Ambisi itu semakin memuncak ketika diri saya mulai tertarik untuk mempelajari ragam teologi. Bermulai dari suatu pertanyaan sebenarnya agama yang benar di dunia ini, itu yang mana? Mulai dari Islam, Kristen, Katolik, Hindu, Budha, dan termasuk paham mendasar yang menjadi pegangan saya selaku Muslim Jemaat Ahmadiyah. Dari sini saya mulai mengetahui sosok yang sedang ditunggu oleh semua para pengikut agama di dunia ini. Yang diyakini sebagai Juru Selamat bagi umat manusia, yang mampu mengantarkan manusia menjilat tanah surga.

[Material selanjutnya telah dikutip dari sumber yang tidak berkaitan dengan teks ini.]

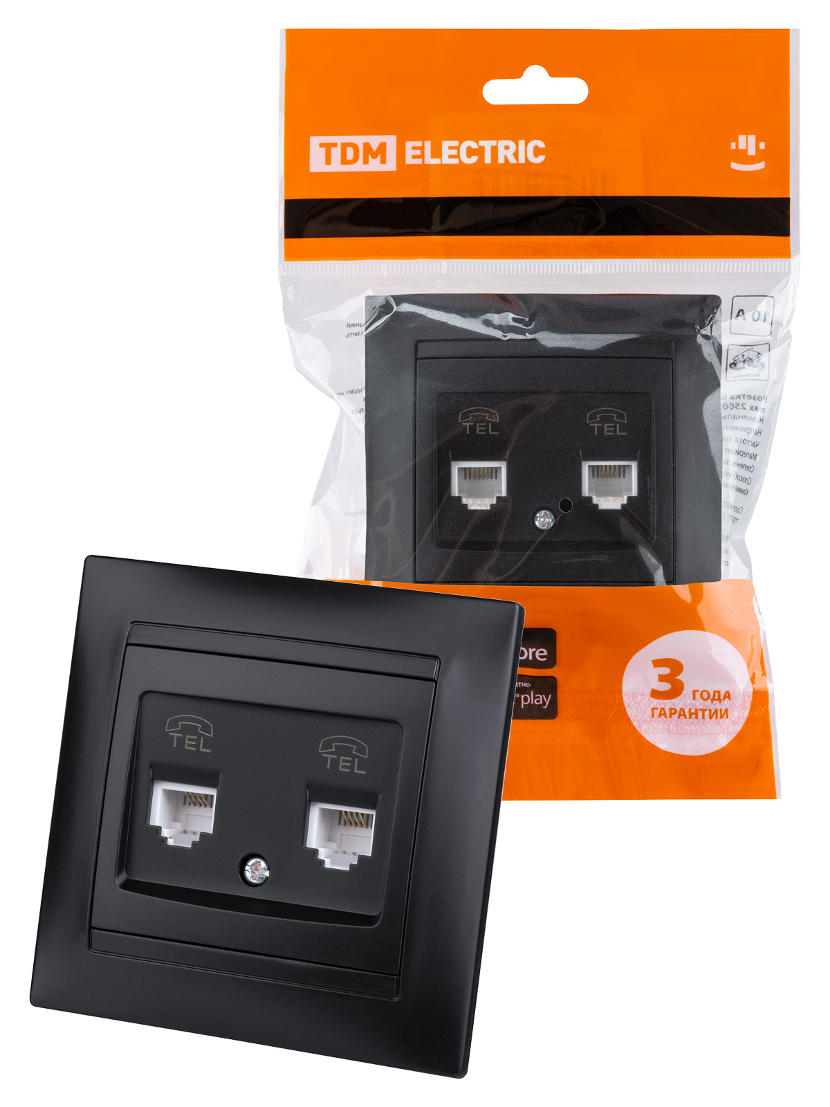 Наименование: Розетка двойная телефонная RJ11 графит "Лама" TDM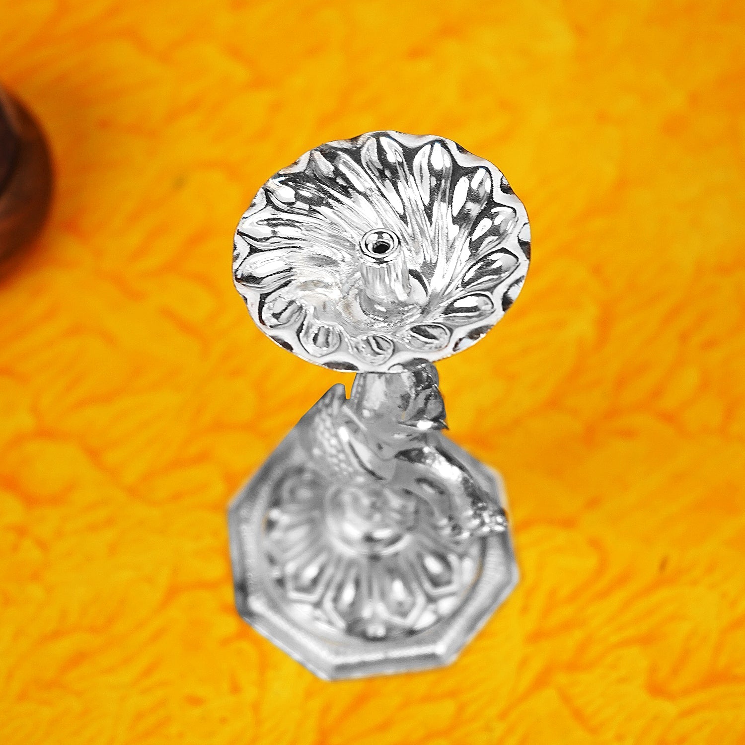 The Elephant Devdas Deepa, a beautifully made diya built from high-quality German silver, will add beauty with it's royal elephant holding a floral-shaped holder, the diya is not only useful for kindling spiritual light but also a beautiful decorative piece for your puja mandir. It's strong construction guarantees durability, and the design elevates any occasion. The diya adds elegance and holiness to your home and is ideal for creating light to the divine. Its unique design makes it an appropriate present for religious rituals and for special events.

Itu pun jika surga tersebut beralaskan tanah.
Sebenarnya ketertarikan untuk mempelajari agama, baru hadir saat diri saya menginjak sekolah menengah atas. Dan itu bermula dari menemukannya sebuah buku berjudul, 'Filsafat Ajaran Islam' karya Hz. Mirza Ghulam Ahmad.
Yang mana buku itu tercipta dari hasil konferensi agama-agama besar, yang mempertemukan para pemuka agama untuk membahas beberapa topik tertentu. Dan konferensi itu diselenggarakan di Lahore, India pada 26-29 Desember 1896. Adapun topik yang dibahas oleh para pemuka agama waktu itu yakni:
1. Keadaan Jasmani, Akhlak dan Rohani Manusia.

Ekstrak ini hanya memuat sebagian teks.